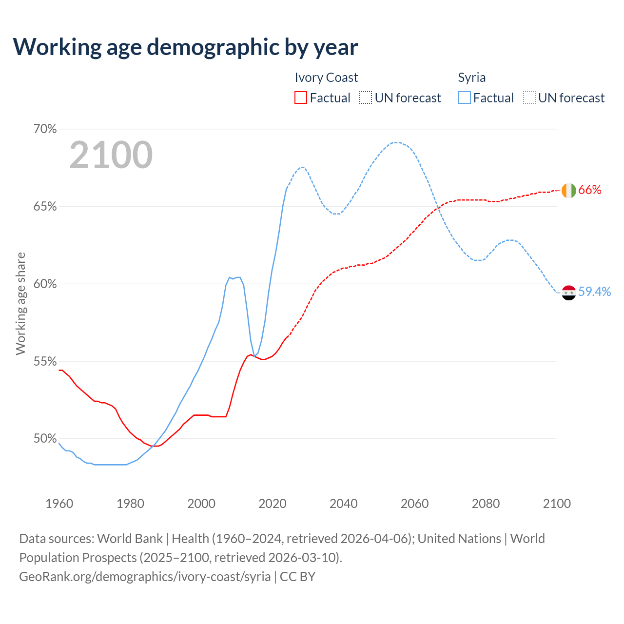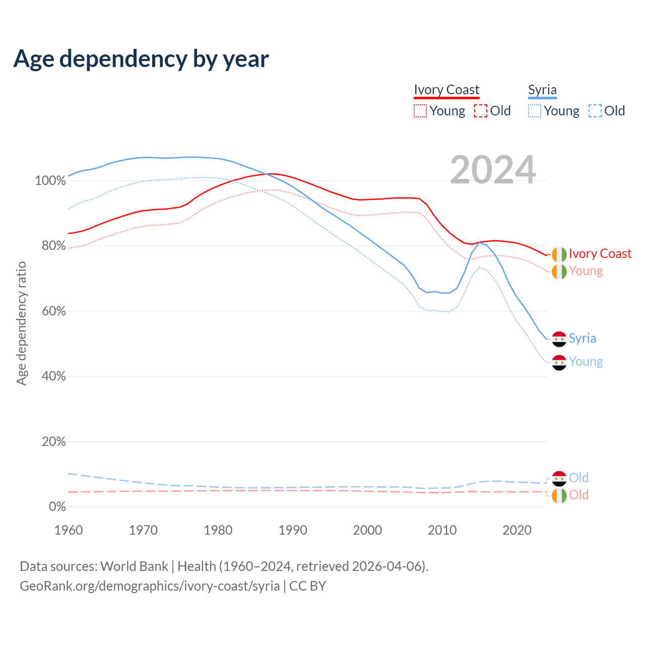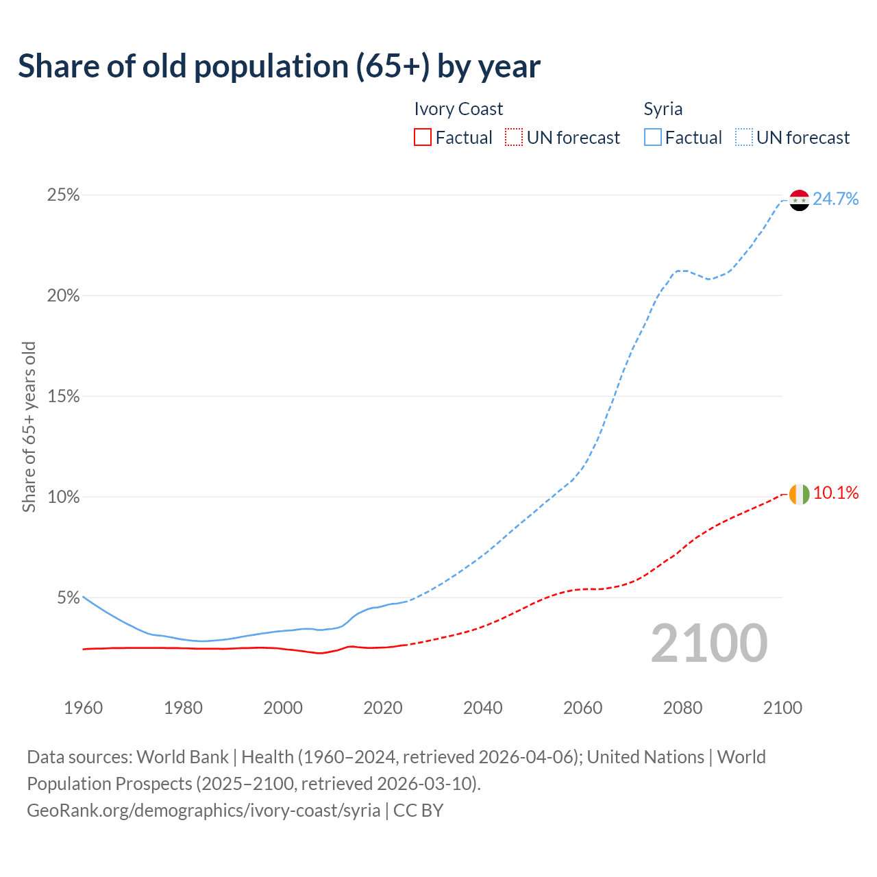 - The share of old-age demographic (65+) in Ivory Coast is 2.61% vs 4.74% in Syria.
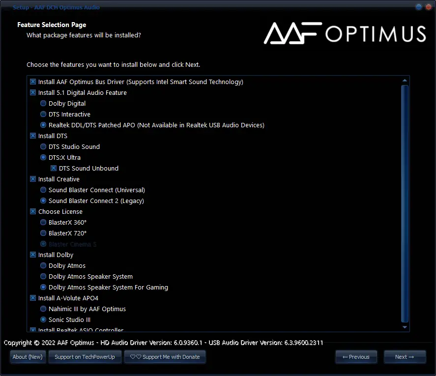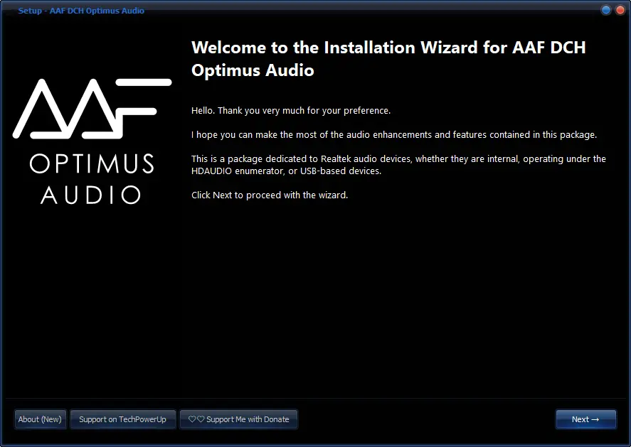 AAF DCH Optimus Sound — модифицированный драйвер для аудиочипов Realtek, объединяющий несколько технологий улучшения звука в едином пакете. Программа поддерживает Dolby Atmos, DTS, Nahimic, Sonic Studio и другие решения, обеспечивая высокое качество звучания в музыке, кино и играх. Подходит исключительно для систем с чипами Realtek, таких как ALC1220, ALC892 и аналоги.
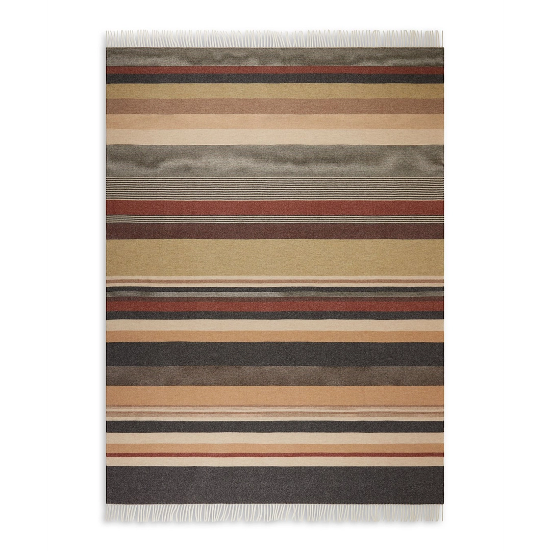 Manta Benjamin 130×190 cm, de rayas en tonos cálidos y gris antracita con flecos, tejido suave y envolvente. Está tejida en lana virgen con mezcla de algodón, ofreciendo suavidad, calidez y resistencia. Materiales naturales de alta calidad típicos de Missoni Home. Perfecta para sofá o pie de cama, aporta confort y estilo contemporáneo.
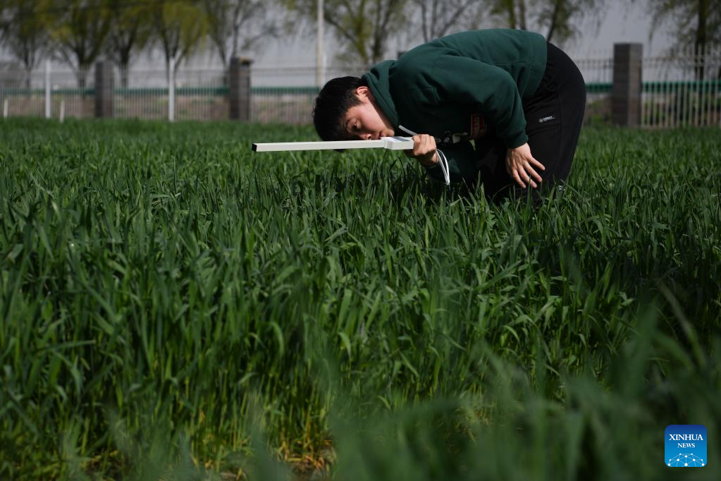 A student of Anhui Agricultural University measures wheat canopy at an agricultural experimental base in Hefei, east China's Anhui Province, March 26, 2023. As spring has come, students of Anhui Agricultural University have been studying and practicing at the university's agricultural experimental base. (Xinhua/Zhang Duan)
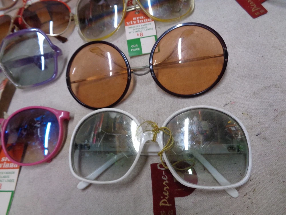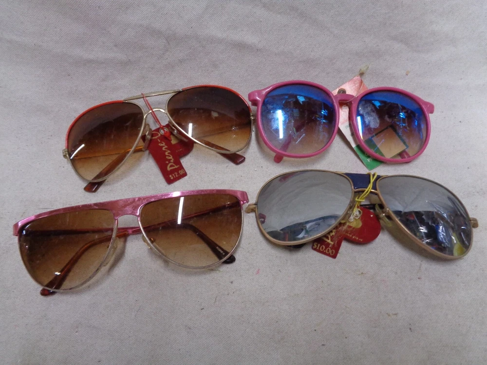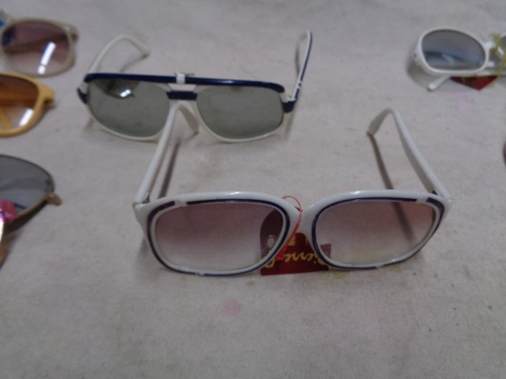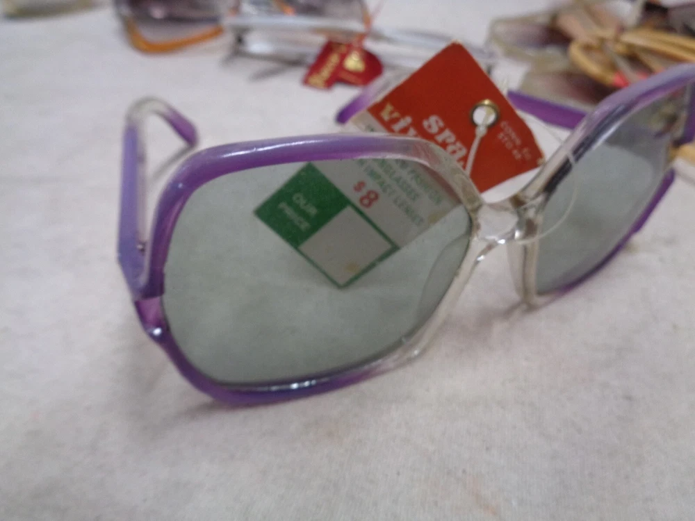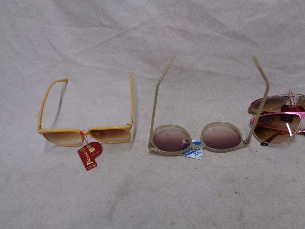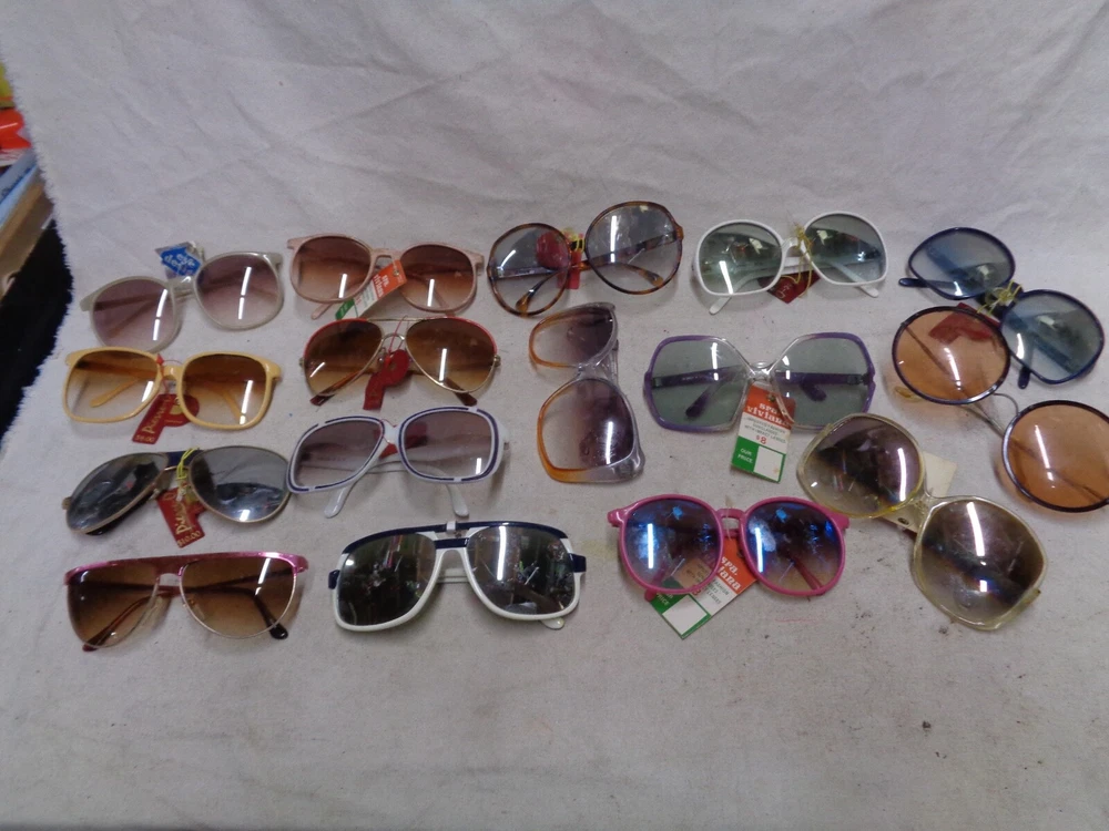 16 diff. pair . OLD STOCK w/ TAGS . Some say "France" , "ITALY" but most say "TAIWAN". Some of them are NOT PERFECT ; the arms may be bent in the wrong direction from age and sitting in a hot place like an attic. The lenses may have scuffs / mild scratches. Overall , they are good . Only a few suffer from the flaws mentioned. I STILL have to sell these "AS IS" . Shipping is $9.50
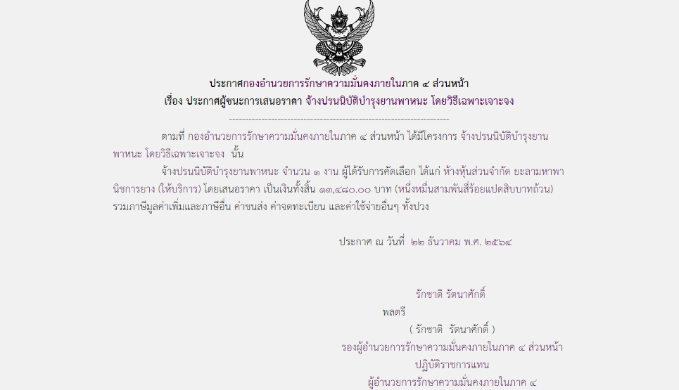 ประกาศผู้ชนะการเสนอราคา จ้างปรนนิบัติบำรุงยานพาหนะ โดยวิธีเฉพาะเจาะจง

◇ ◇ ◇ ◇ ◇

What needs to be done = Nothing but the lines from the one holding "AAF DCH Optimus" to the end of the entries above should be echoed, exactly and with both ends included; omit the pictures.

Your solution =
 AAF DCH Optimus Sound — модифицированный драйвер для аудиочипов Realtek, объединяющий несколько технологий улучшения звука в едином пакете. Программа поддерживает Dolby Atmos, DTS, Nahimic, Sonic Studio и другие решения, обеспечивая высокое качество звучания в музыке, кино и играх. Подходит исключительно для систем с чипами Realtek, таких как ALC1220, ALC892 и аналоги.
 Manta Benjamin 130×190 cm, de rayas en tonos cálidos y gris antracita con flecos, tejido suave y envolvente. Está tejida en lana virgen con mezcla de algodón, ofreciendo suavidad, calidez y resistencia. Materiales naturales de alta calidad típicos de Missoni Home. Perfecta para sofá o pie de cama, aporta confort y estilo contemporáneo.
 A student of Anhui Agricultural University measures wheat canopy at an agricultural experimental base in Hefei, east China's Anhui Province, March 26, 2023. As spring has come, students of Anhui Agricultural University have been studying and practicing at the university's agricultural experimental base. (Xinhua/Zhang Duan)
 16 diff. pair . OLD STOCK w/ TAGS . Some say "France" , "ITALY" but most say "TAIWAN". Some of them are NOT PERFECT ; the arms may be bent in the wrong direction from age and sitting in a hot place like an attic. The lenses may have scuffs / mild scratches. Overall , they are good . Only a few suffer from the flaws mentioned. I STILL have to sell these "AS IS" . Shipping is $9.50
 ประกาศผู้ชนะการเสนอราคา จ้างปรนนิบัติบำรุงยานพาหนะ โดยวิธีเฉพาะเจาะจง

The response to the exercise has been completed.